In a recent episode of the podcast Still Processing, co-host Jenna Wortham, a black woman who is a culture writer for the Times, talked about “black Twitter” but then revised what she said by saying, “Well, all of Twitter to me is black.” Social media provides a space for people who might not otherwise be heard.

Finally, critics of social media reflect that, rather than providing connection, one of the unintended consequences of the platforms is that people become more interested in their online connections than their offline connections. That result surely occurs. But the naysayers are missing the ways that social media provide connection for people who would otherwise be living their lives in isolation. It’s a criticism based in privilege. An LGBTQ kid who lives in a community that is not yet willing to be open to the experiences of gay and transgender and gender nonconforming people is both aware that there is a broader community out there and can connect with that community.

This is true for any person who identifies with a community that is not the one in which they physically live or with a community that is disadvantaged by the wider society. In the same episode of Still Processing, Northam said of social media, “I feel like it’s a way to take community organizing that would have just been maybe cultural salves, the kind of thing that maybe only would have happened after church — very very localized — and doing it in a distributive way that still feels very private. The way I comfort myself after reading about Stephon Clark (who was shot and killed by police officers in Sacramento) is I go and I look at my group chats on Instagram or just share black memes. It’s a way of dealing with the stresses of the world and, really, a coping mechanism for feeling unwanted.”

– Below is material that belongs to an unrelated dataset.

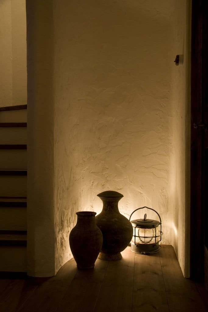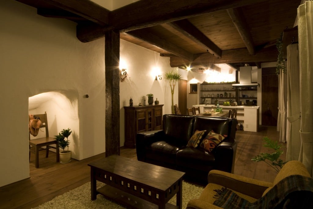 lf04-01-685x1024 lf04-06-1024x672 lf04-07-683x1024 lf04-14-1024x683 lf04-50-683x1024 lf04-48-1024x683 lf04-32-1024x703 lf04-27-683x1024 lf04-60-683x1024 lf04-30-683x1024 lf04-36-1024x683 lf04-47-683x1024 lf04-53-683x1024 lf04-61-683x1024 lf04-73-683x1024 上部にある丸窓が特徴的で、シンメトリーでスッキリと外観のお家。フランスの片田舎にある古くて美しい家をイメージした、ラフェルムらしいシンプルさが特徴です。やわらかい色合いの厚みある漆喰壁と、エイジング加工した深い色の木材を使ったドアや庇が調和し、落ち着きある風貌を作り上げています。 玄関周りの小物は手作りのアンティーク調で統一し、時が経過したような味わいをプラスしました。 庇を近くで見ると、その手作りの風合いがじんわりと浮かび上がってきます。一枚一枚絶妙に異なった色合いの木材を丁寧に組み合わせ、木の自然な曲線やゆがみを活かしたデザインは、立体的で自然の温もりを感じさせます。 お家のチャームポイントとも言える丸窓は、石で作った枠を合わせました。形が不揃いの石を並べることで無機質な表情にならず、活き活きとした存在感を放ちます。フランスの片田舎にある石畳をイメージしたラフェルムこだわりのポイントです。 細かい部分にも徹底してこだわりを詰め込んでいます。インターフォンには特注の木製カバーを被せ、機械的な部分を隠す配慮を。経年劣化したような木の風合いで周囲と馴染ませるだけでなく、何とも可愛らしい小さなドアの細工で遊び心を加えました。来客時も話題のタネが生まれるような、ちょっと楽しい玄関口です。 日が暮れると、玄関横の窓からあたたかな光がこぼれ出し、外灯が優しく足元を照らしてくれます。昼間とは違うどこかノスタルジックな表情を見せ、帰宅した家族がホッと安心するような風景がそこに広がります。 LDKは仕切りなくワンフロアにした開放的な作りで、全体的に落ち着きあるトーンでまとめました。照明を壁に取り付け、間接照明のように漆喰壁を活かすことで、眩しくなく心が安らぐような明かりが、全体を包んでくれます。 キッチンは開放的なアイランド式を採用。ご家族の繋がりを大切にした視界の広さが特徴です。艶のあるタイルで清潔感を出しながらも、土台は漆喰と木を活かしたラフェルムスタイル。収納スペースも十分に確保し機能性もしっかり考慮。日々多く使う場所だからこそ、使いやすく飽きの来ないシンプルなデザインを追求しました。 2階の階段上には小さな窓があります。単なる飾りというものではなく、視界が通ることで圧迫感がなくなり、広さを感じる作りになっています。窓下のスペースには棚を設置し、お洒落なアンティーク雑貨がとても似合っています。 寝室の照明には素敵なこだわりを加えました。ガラスカッティング加工を施した照明が、キラキラとした宝石のような光を放ち、壁や天井を明るく彩ってくれます。就寝前のちょっとした時間に、そっと心を落ち着かせてくれる空間が生まれました。 贅沢にも部屋の真ん中にベットを設置し、広々と圧迫感なく過ごせるようにした点もこだわりの一つ。ベットフレームもアンティーク加工の品を厳選しました。ご家族お気に入りの落ち着く空間が、深い眠りへと誘ってくれます。 洗面スペースはスッキリとシンプルにまとめました。汚れが目立ちにくい色合いの加工タイルは、掃除も楽で機能的です。蛇口はアンティーク感のある鉄製が味わい深いです。 階段横のスペースも無駄にしません。間接照明を置くことで、漆喰の優しい表情が明るく浮かび上がり、花瓶のシルエットとの絶妙なコントラストが表れます。 ドアや照明、ガラスから小物まで全てのものを味わい深く加工したもので統一することで、お家のどこを切り取っても絵になる風景が広がります。ドアにかかったほうきが何とも愛らしく、掃除も楽しくなりそうです。 イス一つとっても、触れると木の温もりを感じるような風合いのものをチョイスすることで、室内の雰囲気がグッと深まります。堅い質感であるはずなのにやわらかな表情を醸し出すアンティーク調。 ラフェルムは、そういった「目で感じる優しさ・ぬくもり」を大切にし、皆さまの心に染み入るデザインをご提供します。

Communications technology is benign. It can be used for good or for ill, and social media has its pitfalls. Facebook’s brand has been damaged by the Cambridge Analytica scandal, for good reason. We are not wedded to existing platforms and can expect to see new ones spring forward in the future. Social media is also not the only tool in the advocate’s toolbox. It is one of many that has to be used smartly. But if we allow the drawbacks of social media to convince us to walk away from this type of engagement altogether, we’ll lose an important platform for changing our culture. Let’s change the world. And use every tool we have to do it.